October 4, 2003
On to Greater Things

All of us learn to write in the second grade. Most of us go on to greater things. --Bobby Knight

For one of my college essays my mentor suggested that I find a strong quotation to put at the top of my paper. I went to quotationspage.com and ended up finding something quite useful. As I am bent to be obsessed with all things literary, I was sort of fascinated by all of the quotations. So for the next couple of entries I think I am going to stick an interesting quotation at the beginning, maybe comment on it, maybe not. I do not much care about who says the quotation, though it can definitely add something to the power of the quotation.

I thought this one was good to start off with because I am in sore need of having my ego knocked down a few pegs.

After a semi-successful shopping trip (amazingly cute purse, two button up sweaters, and a long-sleeved shirt) I went to the local grocery store, where I sort of knew the guy at the register and definitely knew the guy bagging groceries. The guy bagging was in my kindergarten class, among other classes. I distinctly remember him bringing in his father's shoe for our clown unit and finding the shoe to be quite massive.

Anyway, I was with my mom and after we left she asked me if I had known either of the guys. I said, why yes, I knew both of them. She asked if I said hi, and I told her I did not. She called me stuck-up.

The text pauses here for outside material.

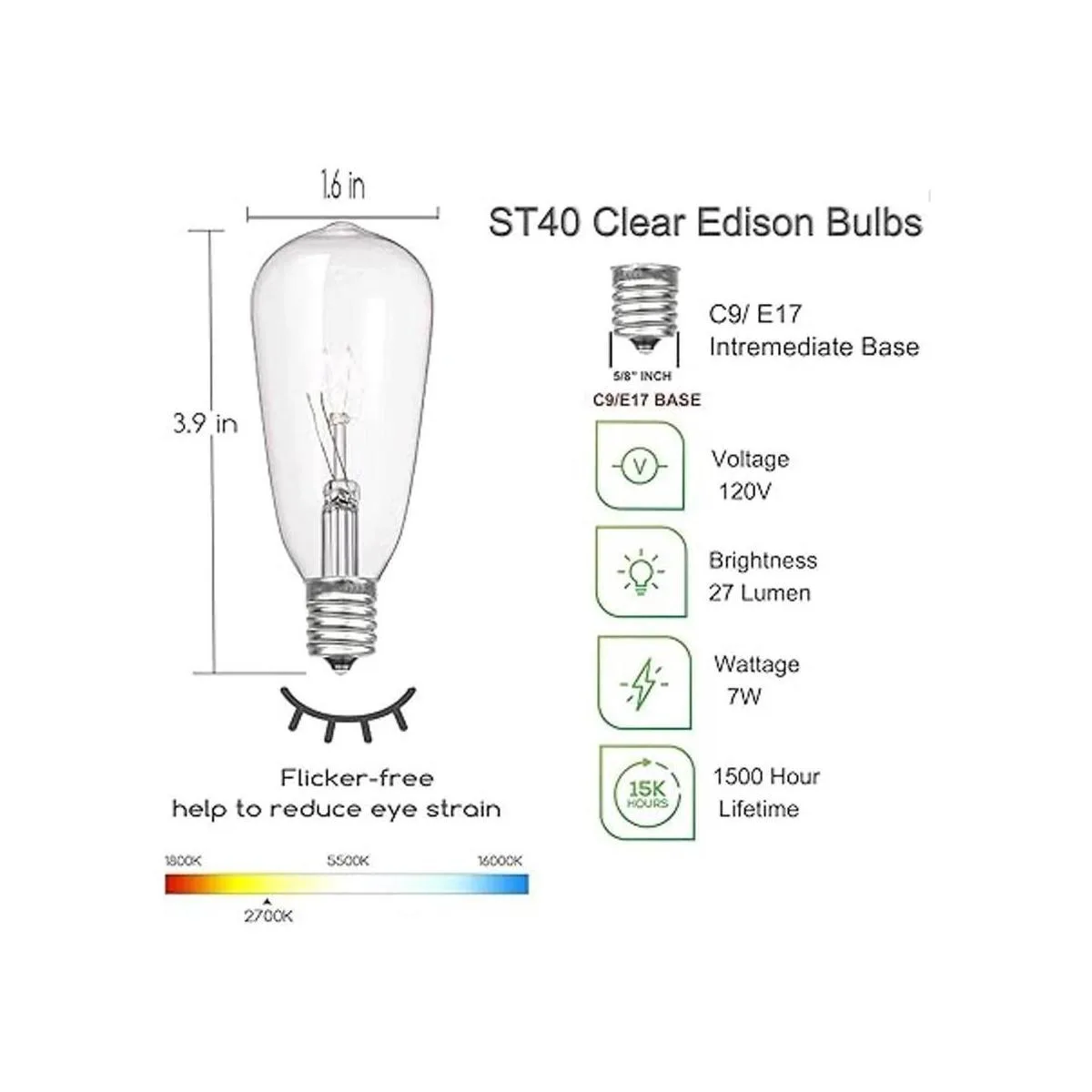 Goothy ST40 Bombillas de repuesto estilo Edison C9E17 IntremediateBase 10 unidades

The way I see it, this cannot be good.

So let's analyze this to bits, shall we?

Sometimes it is a matter of me being a bitch that I do not say hi to people but usually I do not say hi to people unless I am fairly certain they are going to say hello back. The more I think about it the less it makes sense, someone not saying hello back really does not make or break my day. It barely makes or breaks my moment, I am only temporarily peeved or embarassed until I talk to someone else and completely forget about it. A couple of times I have dwelled on the moment if the object of greeting is also the current object of my affection, but in most cases it is just someone who is an aquaintance, maybe a friend.

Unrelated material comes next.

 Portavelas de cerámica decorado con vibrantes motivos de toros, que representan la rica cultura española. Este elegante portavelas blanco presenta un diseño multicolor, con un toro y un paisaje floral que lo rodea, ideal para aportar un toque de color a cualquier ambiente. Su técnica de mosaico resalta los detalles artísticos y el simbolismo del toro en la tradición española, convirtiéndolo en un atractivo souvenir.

The odd thing is that I have very little problem saying hi or smiling at strangers on the street. Or maybe it's not odd. I always thought the key to my theatric success during the summer is I knew that I would never have to see my audience again, so I could just do my best and maybe even fail and there would not be any real consequences. Even with an audience I know the 'real consequences' are mostly built up to be more than they are.

I want to quickly interrupt my rambling with a lovely quotation my friend Andrew supplied me with by Eliot Smith:

"You had plans, for the both of us, that involved a trip out of town,

to a place I've seen, in a magazine, in a chair, left lying around."

But to delve deeper into my quotation before, it almost ties into the idea of everything one needs to know in life one learns in kindergarten. Which actually I do not agree with at all because I think it is very anti-intellectual. Even the truth that is there to it, I think it is not until you learn more about life, people, history, and everything else that you understand why those kindergarten skills are so important. Plus it seems like the real key to happiness is coloring outside the lines.

Something I just realized that I am enjoying without realizing how unusual and fantastic it is: I now have boy friends (oh notice the space, the oh-so-important space) who will randomly start off conversation with me with poetry. Eventually I am sure all of this will get old and maybe it can be argued that they are using aesthetic speech to breach from real depth or prevent it, but for now I like the roses of their poetry.

And I think I may be the kind of girl that would prefer to speak philosophy and poetry if only for a few minutes then go to dinner in formal dress with ten of my closest acquiantances.

But also with the quotation from before, writing could be replaced with coloring or reading or anything else that is not a traditional occupation. I think my History book said Petrarch was the first writer to really make it into a calling, so I figuratively kiss his toes for that.

I like the quotation in the sense that it can keep me humble. Other things may not be better, but it is important for me to remember that writing is not the only thing. A strong society is the culmination of many talents coming together for the benefit of everyone. In my Utopia everyone would be doing what they love, though they would struggle with it from time to time so they could truly appreciate how wonderful it is. I am not sure if I trust any of us to appreciate anything otherwise.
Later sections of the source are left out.